===== Records supplied =====

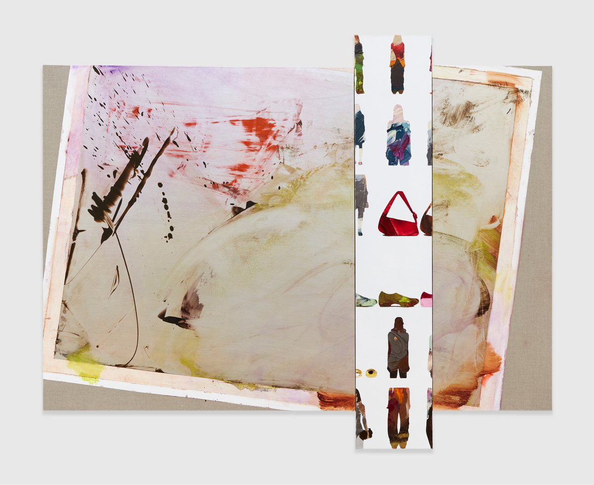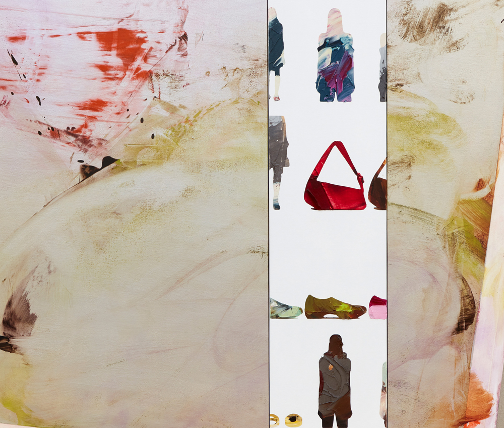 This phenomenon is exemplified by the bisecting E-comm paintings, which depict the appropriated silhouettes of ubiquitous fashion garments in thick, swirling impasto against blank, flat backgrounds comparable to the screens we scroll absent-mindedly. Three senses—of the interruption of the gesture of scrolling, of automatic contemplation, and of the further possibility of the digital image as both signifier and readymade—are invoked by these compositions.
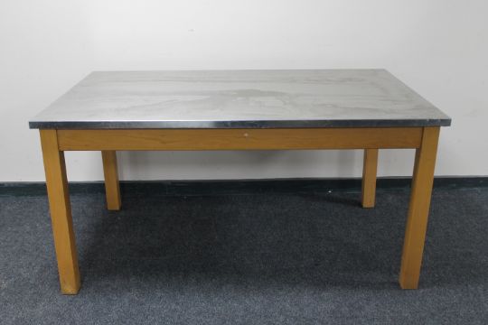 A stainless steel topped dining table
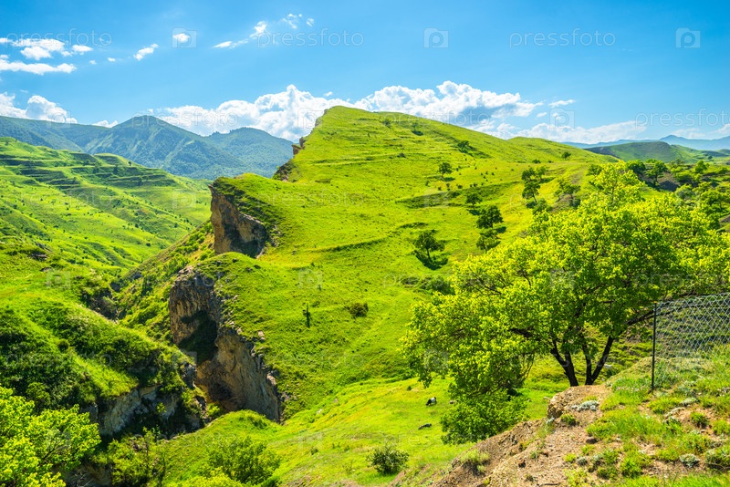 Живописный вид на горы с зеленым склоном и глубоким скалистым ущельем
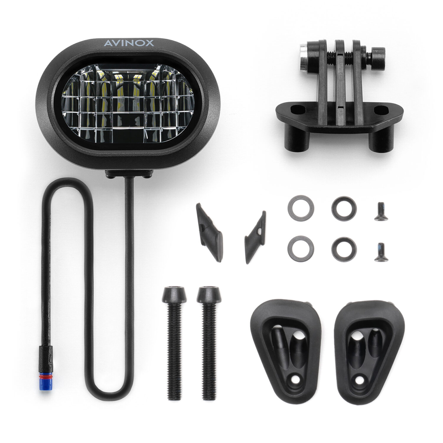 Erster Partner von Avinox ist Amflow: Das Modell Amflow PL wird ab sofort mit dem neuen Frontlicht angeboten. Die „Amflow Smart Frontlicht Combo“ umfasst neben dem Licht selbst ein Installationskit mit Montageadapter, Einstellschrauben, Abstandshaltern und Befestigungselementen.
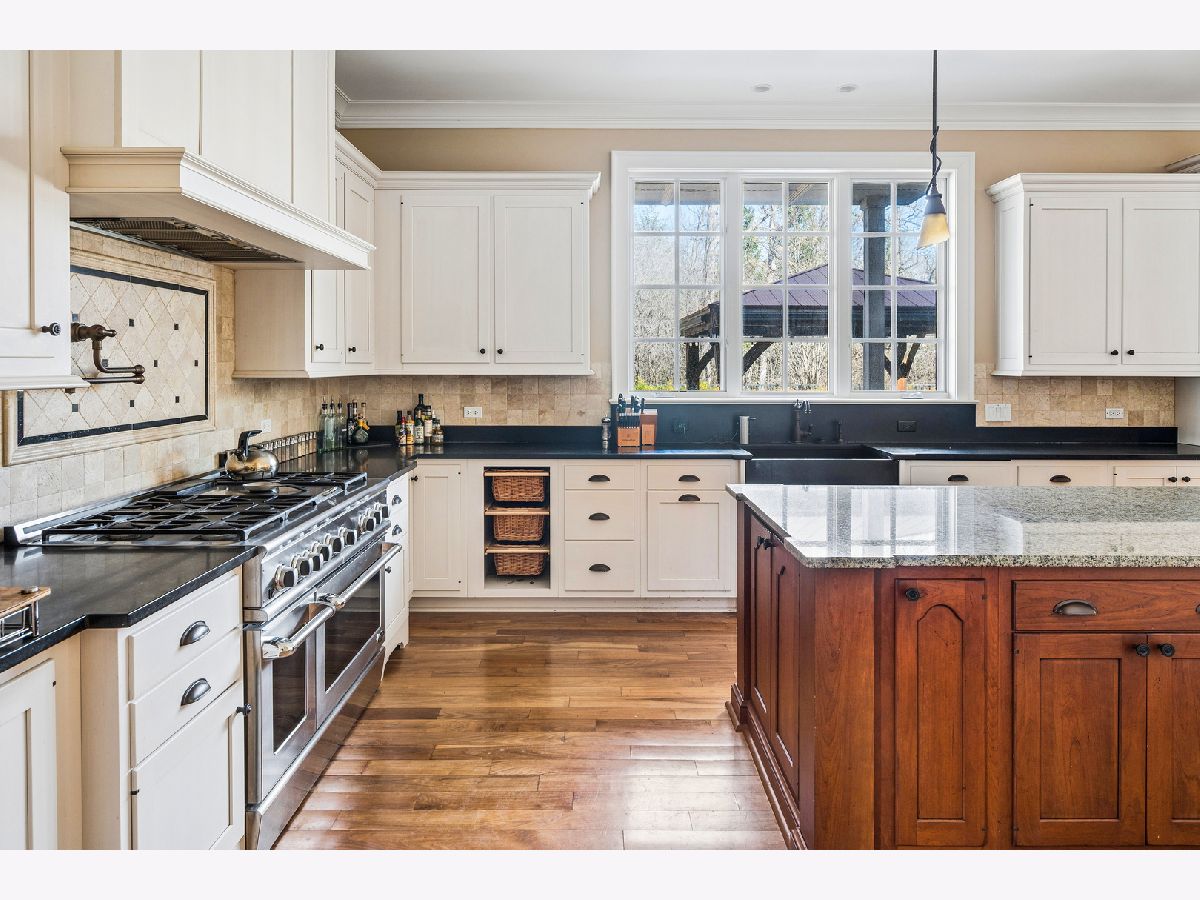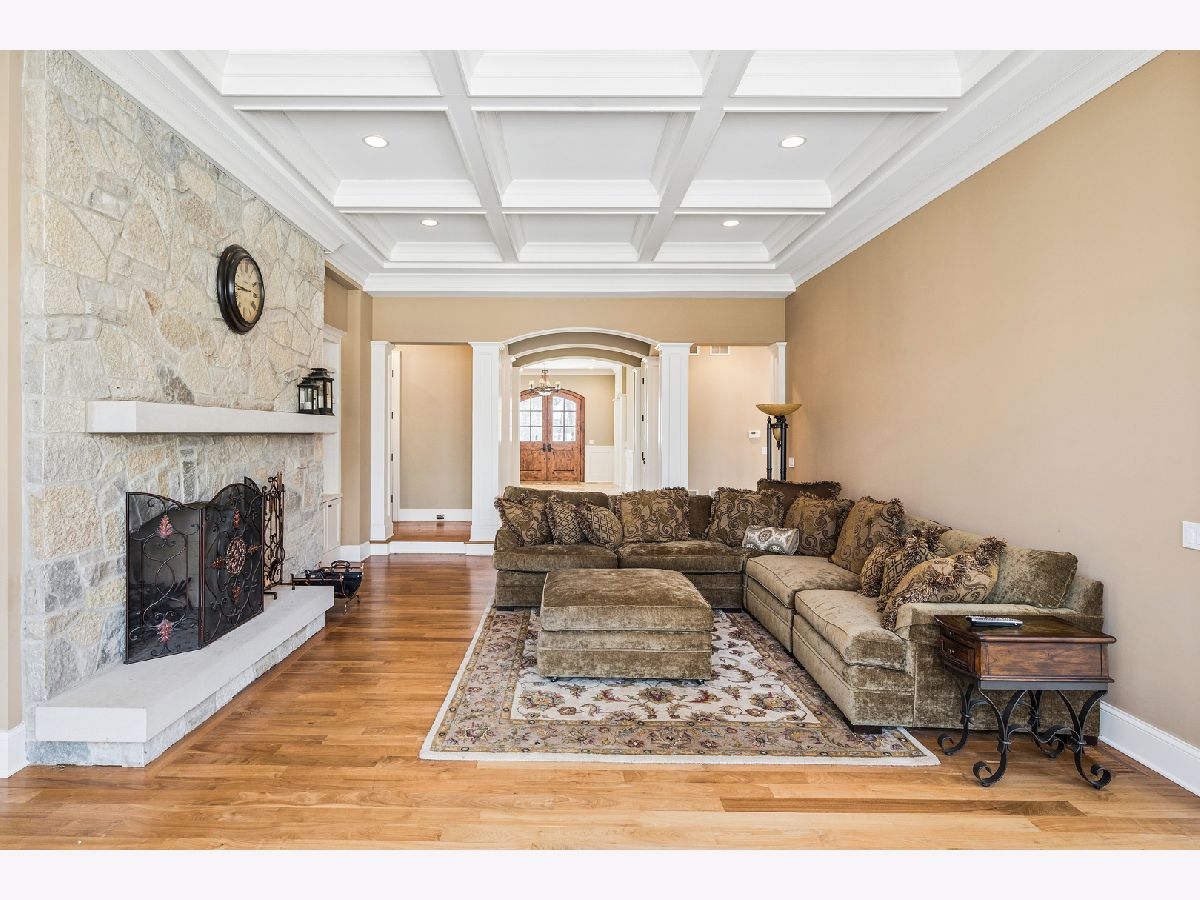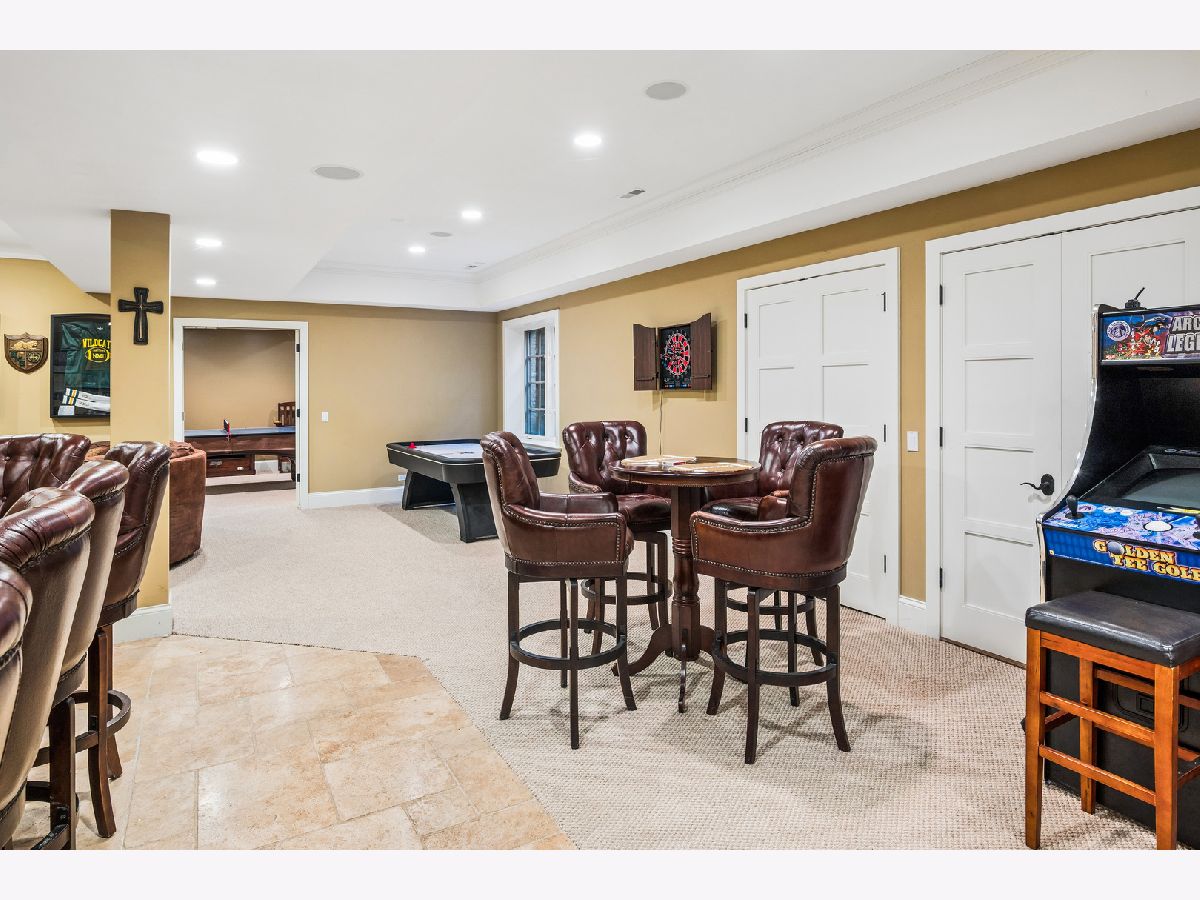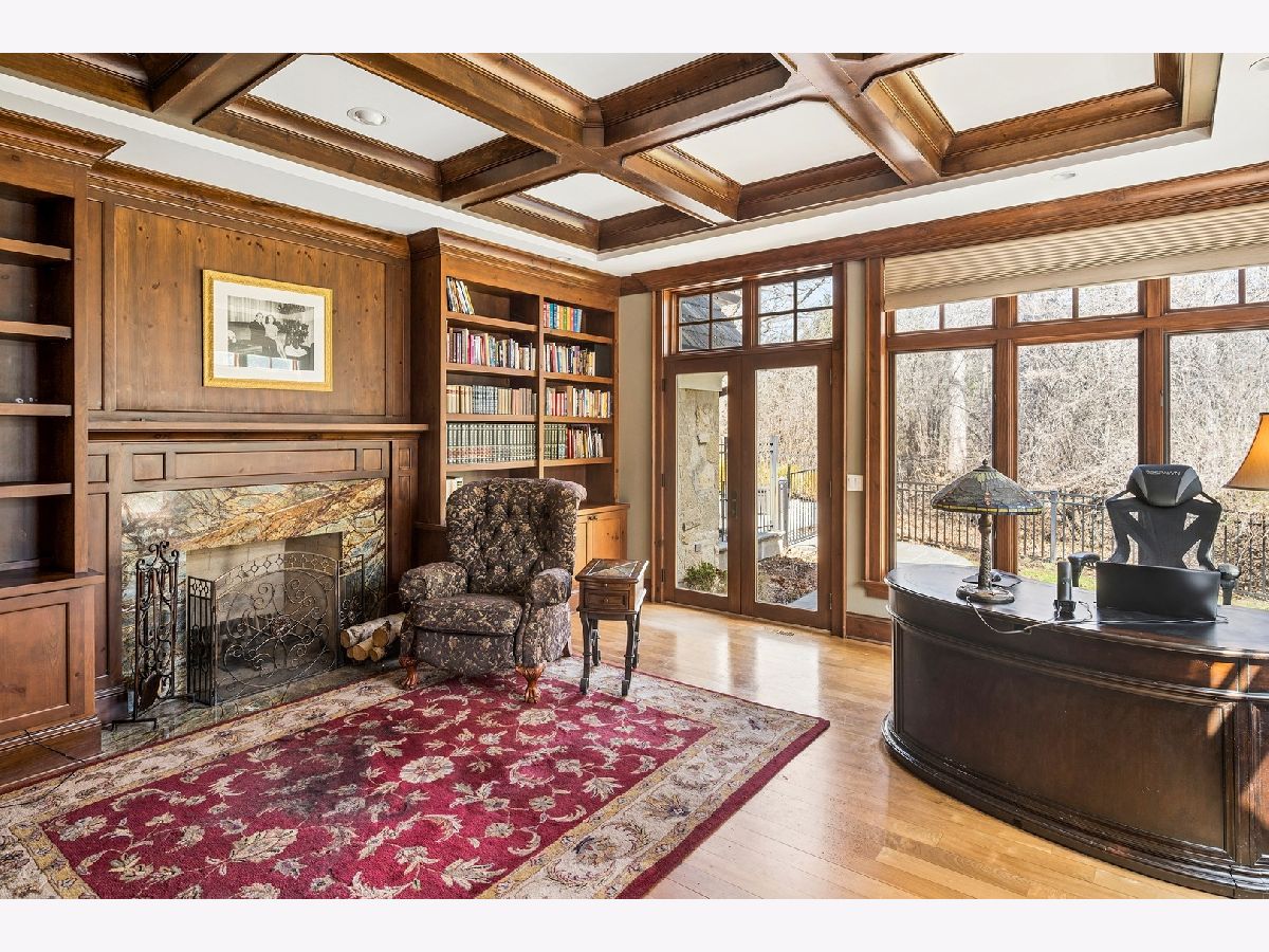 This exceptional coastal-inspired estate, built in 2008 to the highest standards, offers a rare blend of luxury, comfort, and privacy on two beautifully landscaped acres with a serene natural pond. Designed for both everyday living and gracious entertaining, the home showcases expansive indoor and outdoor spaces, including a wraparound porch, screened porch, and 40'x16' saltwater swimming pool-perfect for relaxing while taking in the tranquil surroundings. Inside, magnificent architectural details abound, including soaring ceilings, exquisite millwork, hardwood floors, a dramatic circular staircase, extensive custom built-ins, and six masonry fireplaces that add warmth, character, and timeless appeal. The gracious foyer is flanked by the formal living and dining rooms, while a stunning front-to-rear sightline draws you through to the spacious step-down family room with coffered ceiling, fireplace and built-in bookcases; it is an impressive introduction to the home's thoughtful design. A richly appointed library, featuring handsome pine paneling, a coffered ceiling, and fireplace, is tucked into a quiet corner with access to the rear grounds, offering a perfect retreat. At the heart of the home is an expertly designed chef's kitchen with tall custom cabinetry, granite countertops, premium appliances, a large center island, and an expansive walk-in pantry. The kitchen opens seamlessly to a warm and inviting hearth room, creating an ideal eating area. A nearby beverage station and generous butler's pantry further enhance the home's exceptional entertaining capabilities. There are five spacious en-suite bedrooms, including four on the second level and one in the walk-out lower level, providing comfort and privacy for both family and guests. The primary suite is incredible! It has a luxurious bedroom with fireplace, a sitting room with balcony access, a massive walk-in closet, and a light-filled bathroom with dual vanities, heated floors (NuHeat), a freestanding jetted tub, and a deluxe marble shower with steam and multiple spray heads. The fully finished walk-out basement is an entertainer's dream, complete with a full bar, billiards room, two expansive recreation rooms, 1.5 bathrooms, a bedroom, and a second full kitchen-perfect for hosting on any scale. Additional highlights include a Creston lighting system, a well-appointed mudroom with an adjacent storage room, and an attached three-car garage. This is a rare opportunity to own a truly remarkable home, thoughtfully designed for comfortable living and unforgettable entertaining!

=====

* Goal of the exercise *
Reproduce only the lines from the beginning of the data through the line that contains "A stainless steel topped dining table", both included, and please drop the pictures.

* Task output *
 This phenomenon is exemplified by the bisecting E-comm paintings, which depict the appropriated silhouettes of ubiquitous fashion garments in thick, swirling impasto against blank, flat backgrounds comparable to the screens we scroll absent-mindedly. Three senses—of the interruption of the gesture of scrolling, of automatic contemplation, and of the further possibility of the digital image as both signifier and readymade—are invoked by these compositions.
 A stainless steel topped dining table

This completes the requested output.